How easy it is for a proud soul to think… what need do I have for God if I can handle everything myself?
I am a high achiever. I do not say this to show off. I say this to explain the dangers of such a thing.
Have a think about the GREAT Saints… Saints like Padre Pio and Saint John Vianney, Saint Bernadette Soubirous, the little shepherd children of Fatima, Saint Faustina and many others…
These saints – from an Earthly perspective – were not high achievers. In fact, many of them struggled to learn academically. Saint Bernadette, for example, experienced a learning disorder that made it difficult for her to study at school. You have only to think also of Saint John Vianney, who struggled to graduate from the Seminary because he found the studies very challenging. The shepherd children at Fatima were illiterate. In fact one of the instructions of the Blessed Virgin to Saint Lucia was to learn to read and write – because God would make use of these skills in her throughout the course of her long life in her writings…
Saint Faustina also was instructed to write down the information conveyed to her by God and spent her life weak and lowly. In fact, the other nuns in her community rarely valued her and mostly considered her a drain on the convent and a pest to have around…

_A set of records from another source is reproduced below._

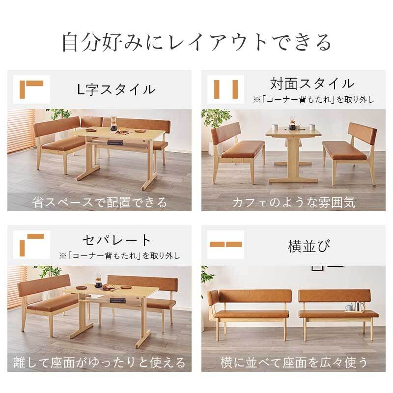 お部屋に合わせてレイアウトの変更ができ、天然木のシルエットと高級感のあるベンチシートがリビングダイニングのくつろぎ空間を演出。
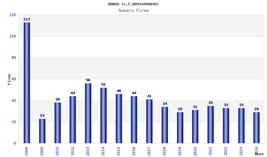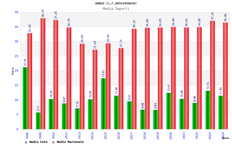 | Anno | Firme | Importi | Media | Naz. | Reg. | Prov. | Comu. |
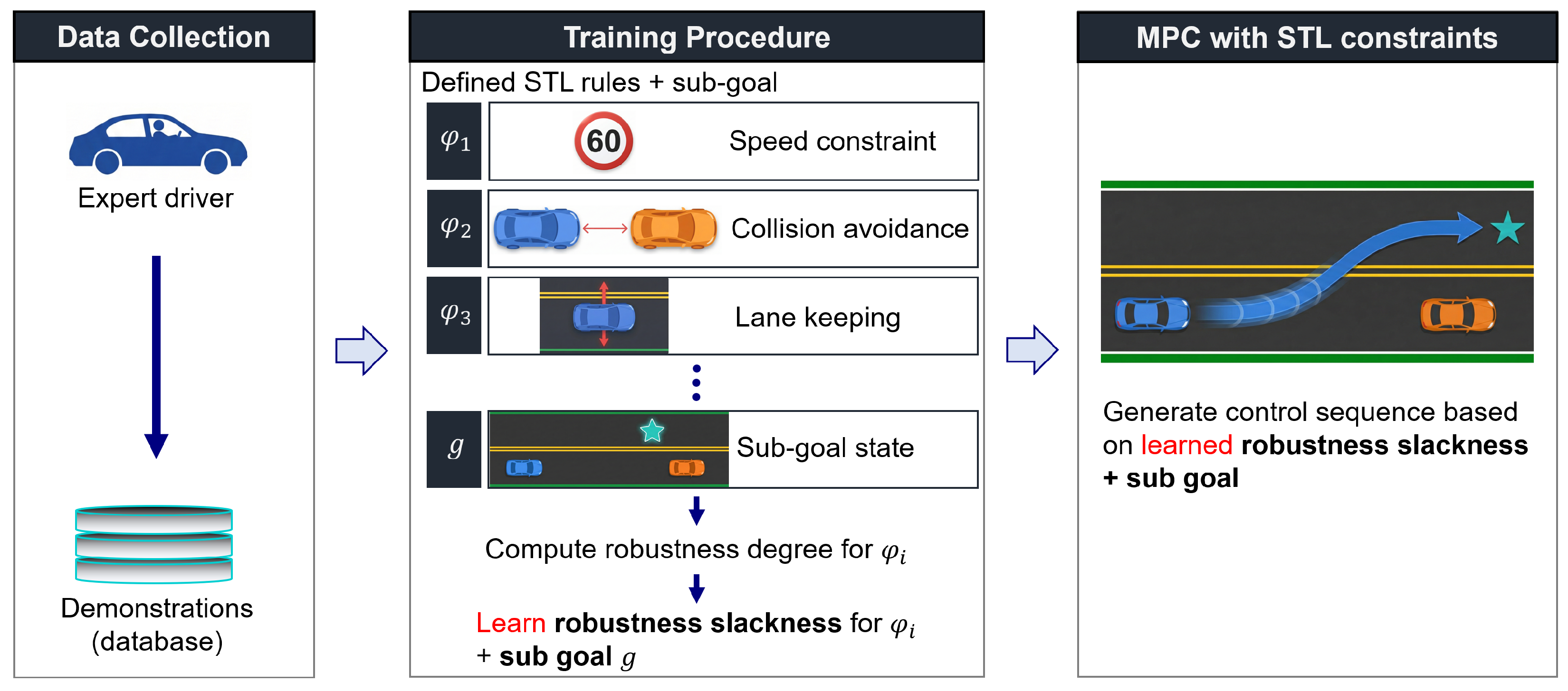 30]. Our prior work learned robustness slackness—rule-wise lower bounds on STL robustness inferred from demonstrations—and embedded them into MPC–STL via a conditional VAE mapping from context to slackness values [
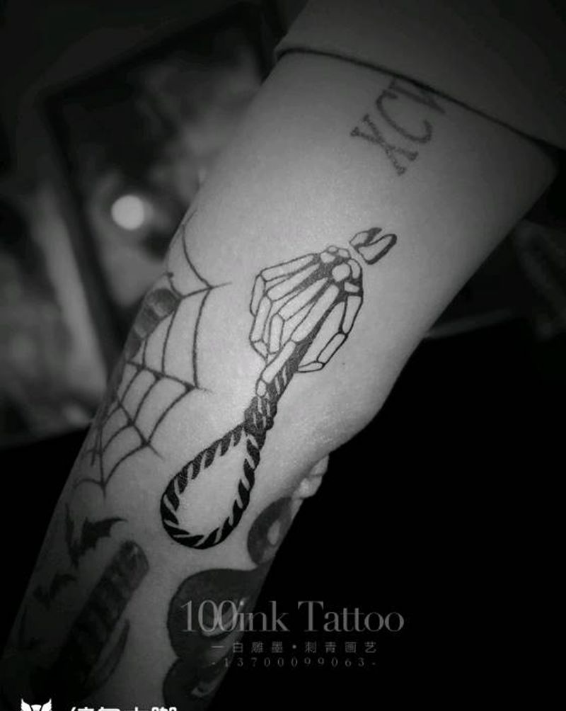 当前位置: 首页 >辽宁省大连市纹身店-一白雕墨 刺青画艺纹身图案>old school接图纹身图片_手臂Old School骷髅手纹身图案
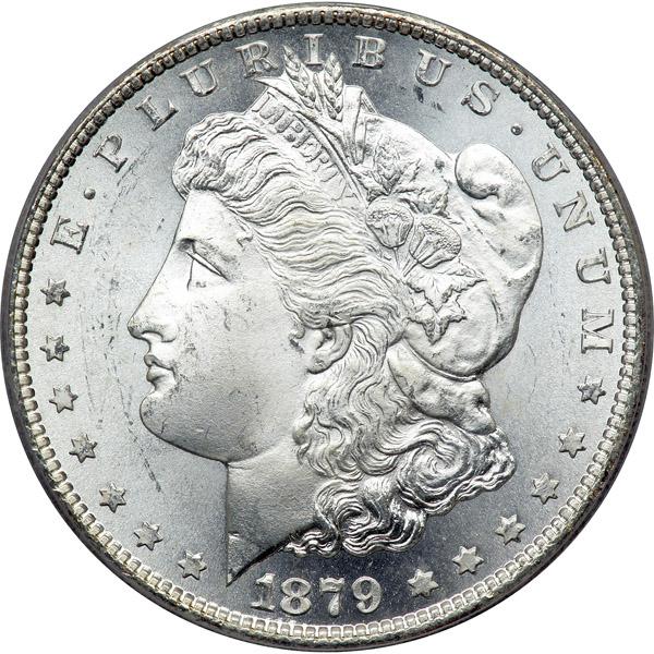 1879-S Morgan Dollar. PCGS graded MS-66+. Well struck and a white gem with lovely cartwheel luster (PCGS # 7092) .

And I have been thinking about the correlation between the lowliness (in Earthly terms) of these few souls and their elevation in SPIRITUAL terms… And of course – it was the lowliness of these Saints which allowed them to be elevated. After all, who cares if you are a high achiever in this Earthly life? Who cares if studies come easily to me or if I am used to feeling successful? The only thing that I should really be caring about should be whether I am lowly enough in this Earth to be elevated in Heaven…
You see, God can transform a humble soul. For a humble soul is like the Blessed Virgin (or all the Saints) because they are able to make themselves as nothing and wait for God to act as He so chooses. And that is something remarkable. It is very hard for a proud old soul like mine to make itself as nothing and wait for God to act. When I pray the Our Father, I say the words, “Thy Will be done”, but I THINK the words, “MY will be done”. And that is the result of pride in my soul…
And that is why I can talk about being a high achiever and not be a show off about it…
It is simply because there is great benefit in being able to fail a little. After all, how easy it is for a proud soul to think… what need do I have for God if I can handle everything myself?
And today, I pray for the Grace to fail. After all, a little failure might humble me enough that God could actually do something with me to secure my salvation…
For with prayer, I stand on Holy Ground where everything is clear. Here. At the Foot of the Cross.